Die regelrechte Klagewelle, die später zu Fällen wie WBG und BFI anrollte, blieb bislang jedoch erfolglos. Von mehr als 3000 IFG-Auskunftsklagen seit Ende 2011, seien 2962 abgeschlossen, berichtet Gabriele Förster, Vorsitzende Richterin des VG Frankfurt. Ein Urteil, das die BaFin zu Auskünften verpflichte, sei ihrer Erinnerung nach nicht dabei gewesen. „Rund 200 Verfahren sind noch offen“, sagt Fischer.
Beyer betont, der Hessische Verwaltungsgerichtshof habe in vielen Fällen die Berufung zugelassen. Allerdings seien die Verfahren bis zur EuGH-Entscheidung ausgesetzt worden. Während der Klagewelle, so Fischer, seien die Schreiben aus Jena zeitweise „kistenweise in der Poststelle eingegangen“. Und man habe sich „gewundert“, dass nicht zunächst ein Pilotverfahren geführt wurde. Beyer begründet das Vorgehen damit, dass kein Mandant bereit gewesen sei, als Musterkläger zu fungieren. Zudem sei die BaFin trotz eines entsprechenden Vorschlages nicht bereit gewesen, auf „die Einrede der Verjährung“ zu verzichten, was Staatshaftungsansprüche angeht.
Zweifelhafte Mandantengewinnung per Rundbrief
PWB ist nicht die einzige Kanzlei, die mit umstrittenen Methoden Kritik auslöst. So warnt die Verbraucherzentrale Hessen, dass geschädigte Anleger immer wieder Rundbriefe mit fragwürdigen Empfehlungen erhielten – und somit Gefahr liefen, erneut Geld zu verlieren; diesmal in Form von unnötigen Anwalts- und Gerichtskosten.

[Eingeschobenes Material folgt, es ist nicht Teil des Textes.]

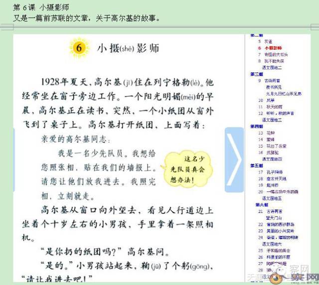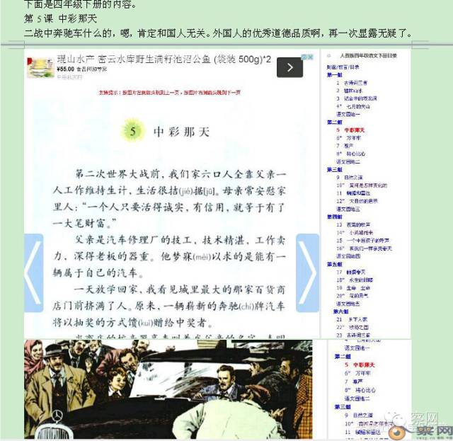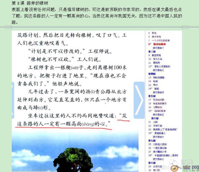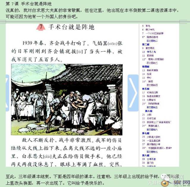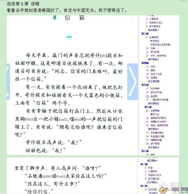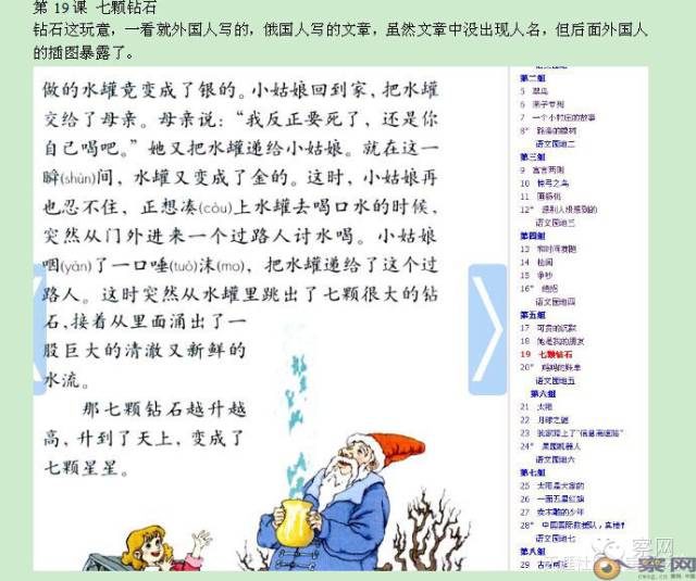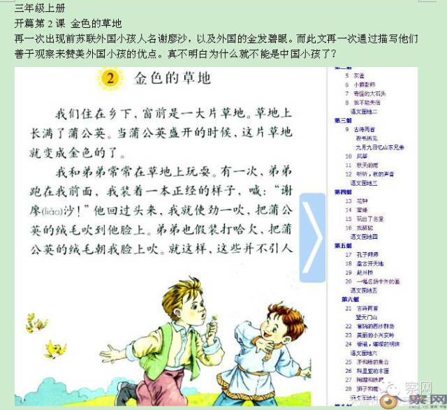 第8课《 路旁的橡树》 表面上看没有任何问题,只是描写橡树的,可这是前苏联的作家写的,然后在课文最后也点了题:筑这条路的人一定有一颗高尚的心。当然这高尚与我国无关,因为这不是中国人筑的路。第14课 《检阅》再一次疯狂大量出现了外国人,中国的三军仪仗检阅这么多,弄不出来?第15课 《争吵 》里面的主人公也全是外国人,从二年级到三年级,短短一年时间,各国际友人纷纷以友好聪明善良的形象在我们课本上冒头了。前苏联的,波兰的,英国的,意大利的,法国的,荷兰的,我看编者大概忘记了八国联军侵华是怎么回事了。第19课 《七颗钻石 》钻石这玩意,一看就外国人写的,俄国人写的文章,虽然文章中没出现人名,但后面外国人的插图暴露了。

Doch selbst, wenn Kanzleien wie etwa PWB Auskunftsansprüche durchsetzen – etwa im Verfahren beim Bundesverwaltungsgericht –, müssten sie noch eine weitere Hürde überwinden: Staatshaftungsansprüche durchsetzen. Dieses Ansinnen sei „absurd“, meint der Leipziger Anwalt Ali Al-Zand. „Es steht klar im Gesetz, dass die BaFin einzelnen Anlegern gegenüber nicht haftet.“
Al-Zand hat Strafanzeige gegen Beyer und zwei weitere PWB-Anwälte eingereicht, nachdem sein Großvater 2015 ein Schreiben der Kanzlei erhalten hatte. Anleger, die im Betrugsfall WBG Leipzig-West Geld verloren haben, hieß es darin, könnten sich das Geld womöglich vom Staat zurückholen – bräuchten aber Informationen von der BaFin, um Ansprüche zu prüfen. „Mir liegen inzwischen noch andere Werbeschreiben vor, in denen die Anwälte für ein rechtliches Vorgehen geworben haben, bei dem es meines Erachtens von vornherein praktisch sicher war, dass der Mandant draufzahlen würde“, sagt Al-Zand.
Vorwurf gewerbsmäßigen Betrugs gegen Anwälte
Die Staatsanwaltschaft Gera ermittelt infolge seiner Anzeige wegen des Verdachts auf „gewerbsmäßigen Betrug“ (Aktenzeichen: 201 Js 35033/15), wie Staatsanwalt Jens Wörmann der WirtschaftsWoche bestätigte. Wann das Verfahren abgeschlossen wird, sei noch „nicht absehbar“. Beyer und seine Kollegen halten die Strafanzeige für „rechtlich haltlos“, wollen angesichts der laufenden Ermittlungen aber „keine vertiefte Stellungnahme abgeben“. Das gilt auch für das Beschwerdeverfahren, das Al-Zand bei der Rechtsanwaltskammer Thüringen in derselben Angelegenheit angestrengt hat. „Wir nehmen die Vorwürfe ernst und prüfen sie derzeit“, sagt Jan Helge Kestel, Rechtsanwalt und Präsident der Thüringer Kammer.
Zum aktuellen Stand könne er wegen der Verschwiegenheitspflicht aber nichts sagen. „Wann das Verfahren abgeschlossen ist, ist ebenfalls noch nicht absehbar.
Klar ist schon jetzt: Der Fall wird Aufschlüsse liefern, wie weit Rechtsanwälte bei der Mandanten-Akquise gehen dürfen – und wann Versprechen aus juristischer Sicht zu vollmundig sind.